Task description. Starting at the line below with "双鱼乒乓球拍正品旗舰店儿童学生初学者横拍高弹力专业级兵乓球拍" and stopping at the line with "Лапки, мордочка, ушки", please print each line exactly, those two included, and skip every picture.

Given records.
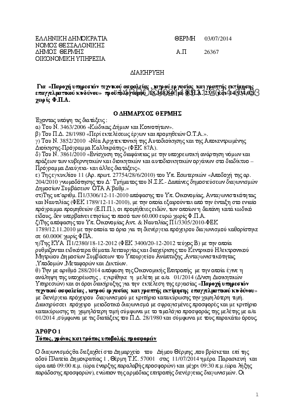 Αναζήτηση σε προκηρύξεις και συμβάσεις για:
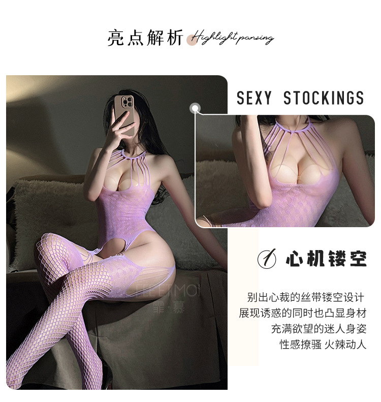 섹스 란제리 민소매 레이스 섹시 홀터넥 펀칭 스타킹 전신 망사 섹스 용품 8961
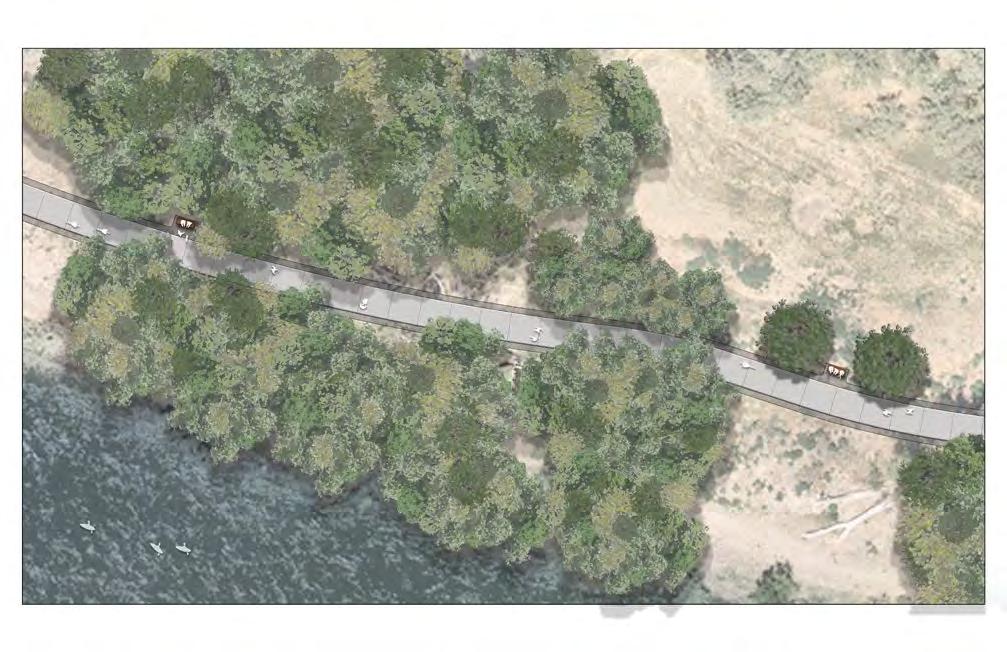 A 10 FOOT WIDE CONCRETE PATH PROVIDES AMPLES SPACE FOR BOTH PEDEDESTRIANS AND BICYCLISTS
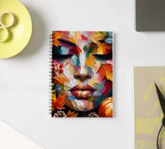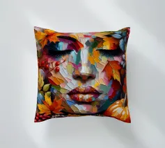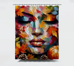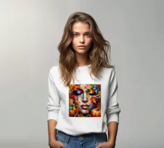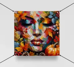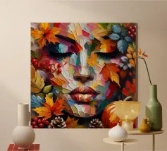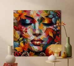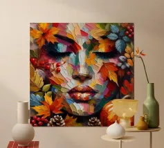 Pittura acrilica del volto di una donna durante la stagione autunnale. Foglie, zucca, ghiande e bacche.
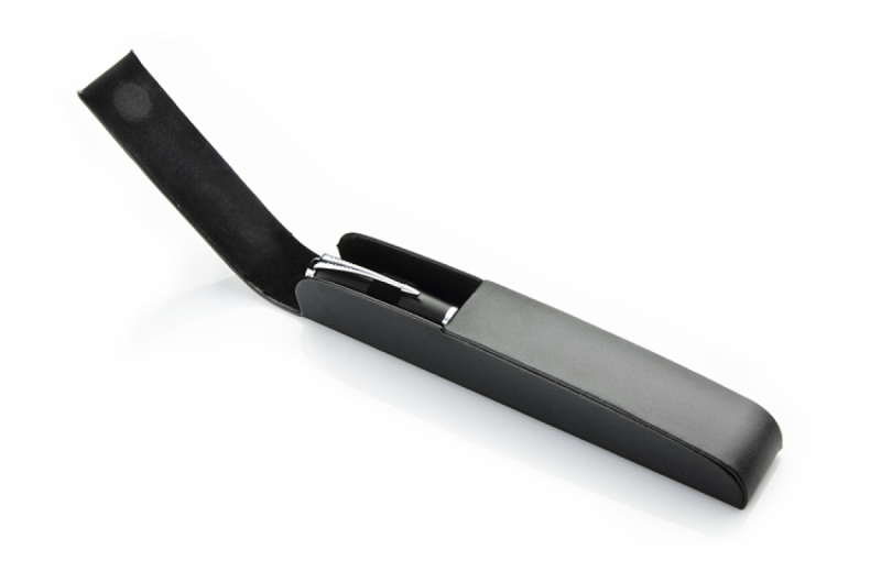 Pouzdro na pero s víčkem z PU s magnetickým uzavřením. Obsahuje širokou kovovou desku vyrobenou z broušeného hliníku, na kterou lze vyryt atraktivní logo. Vhodné pro pera s výškou od 122 do 148 mm.
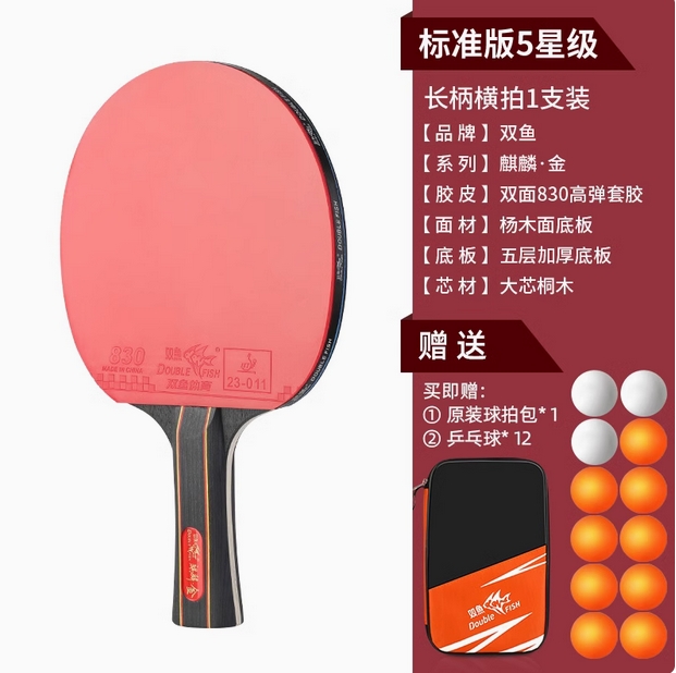 双鱼乒乓球拍正品旗舰店儿童学生初学者横拍高弹力专业级兵乓球拍
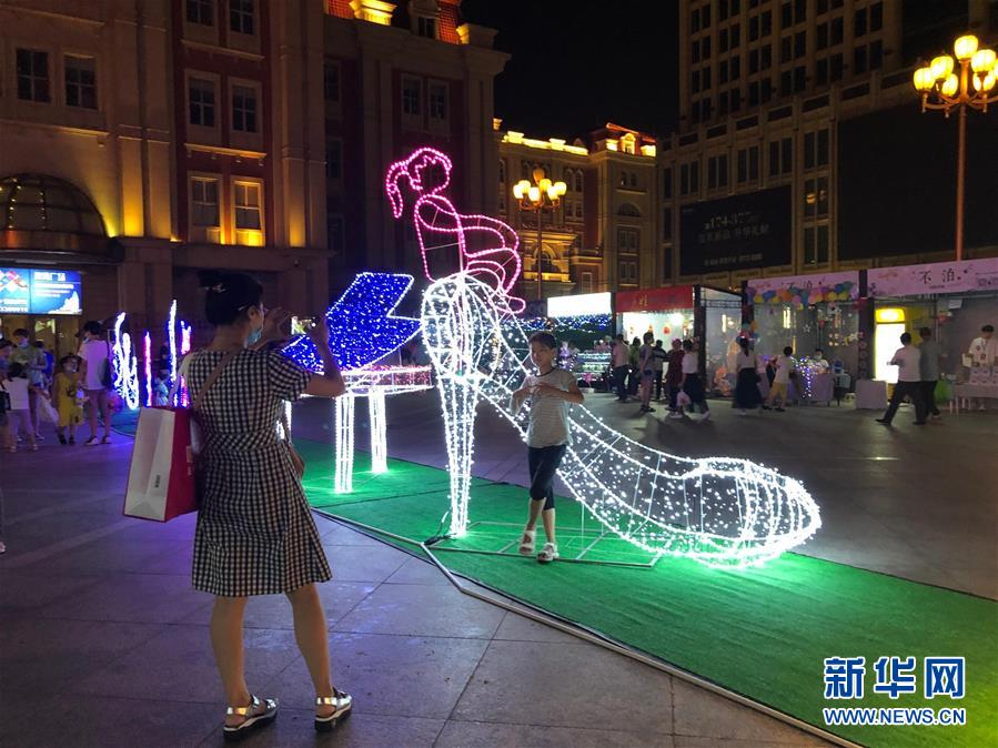游人在天津“百戲津曲”文化主題街區拍照(7月19日攝)。 新華社記者 宋瑞 攝
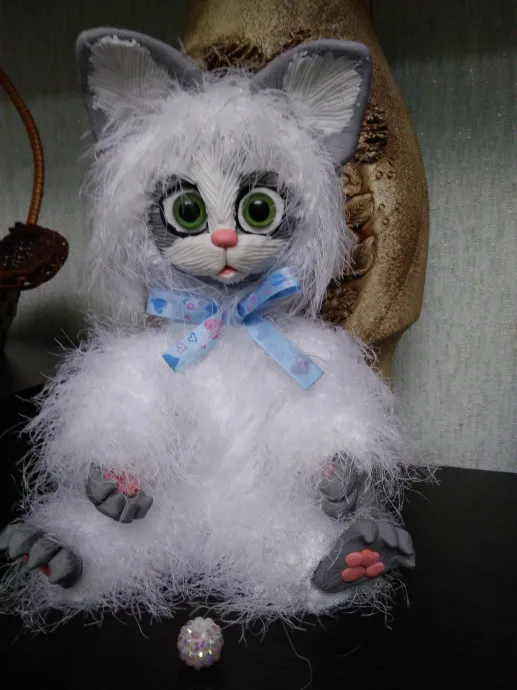 Лапки, мордочка, ушки из запекаемой полимерной глины. Пряжу не могу вам назвать, принесли родители в детский сад без этикетки, но сказали что покупали в Леонардо по 200р за моток, не нашли применения и отдарили мне.
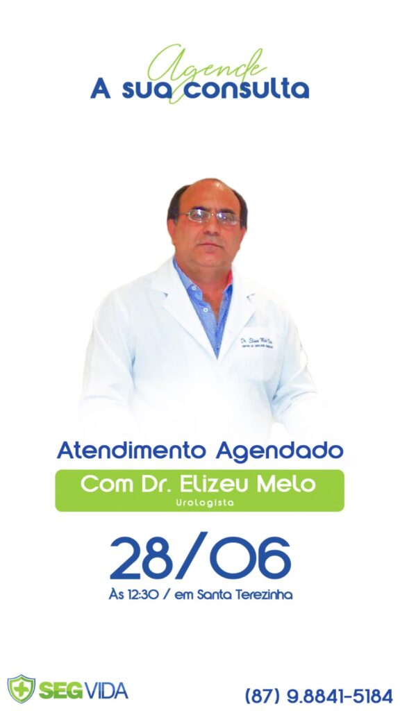 A SegVida em Santa Terezinha comunica aos seus usuários que nesta sexta-feira, 28 de junho o Urologista Drº Elizeu Melo estará atendendo por agendamento antecipado a partir das 12:30 horas. Reserve hoje mesmo sua vaga entranto em contato pelo número (87) 98841-5184.
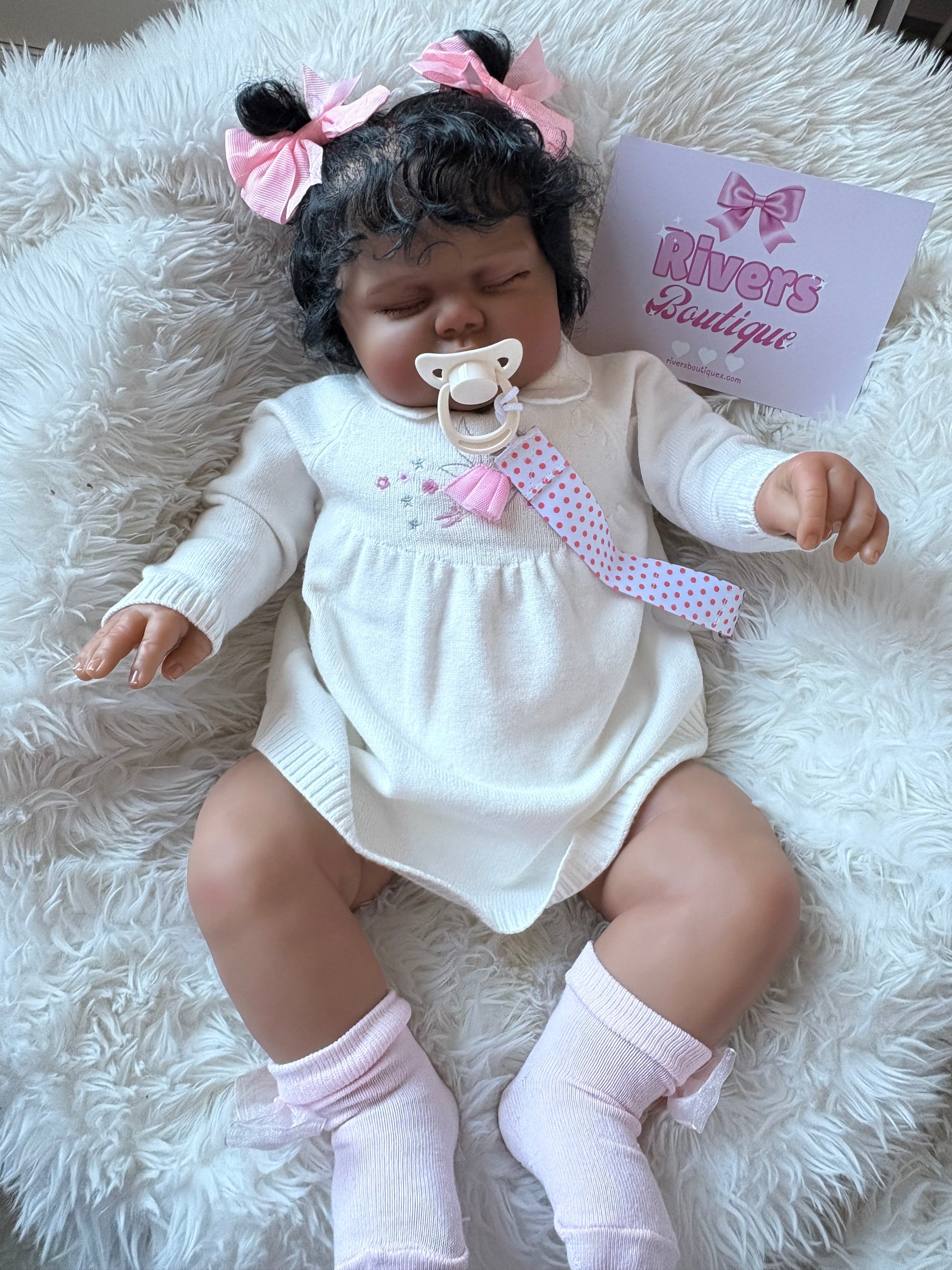 Stunning toddler girl reborn. She has a soft body with silicone vinyl arms, legs and head. She is 24 inches and weighted at 7.4lbs.

Expected output.
 双鱼乒乓球拍正品旗舰店儿童学生初学者横拍高弹力专业级兵乓球拍
游人在天津“百戲津曲”文化主題街區拍照(7月19日攝)。 新華社記者 宋瑞 攝
 Лапки, мордочка, ушки из запекаемой полимерной глины. Пряжу не могу вам назвать, принесли родители в детский сад без этикетки, но сказали что покупали в Леонардо по 200р за моток, не нашли применения и отдарили мне.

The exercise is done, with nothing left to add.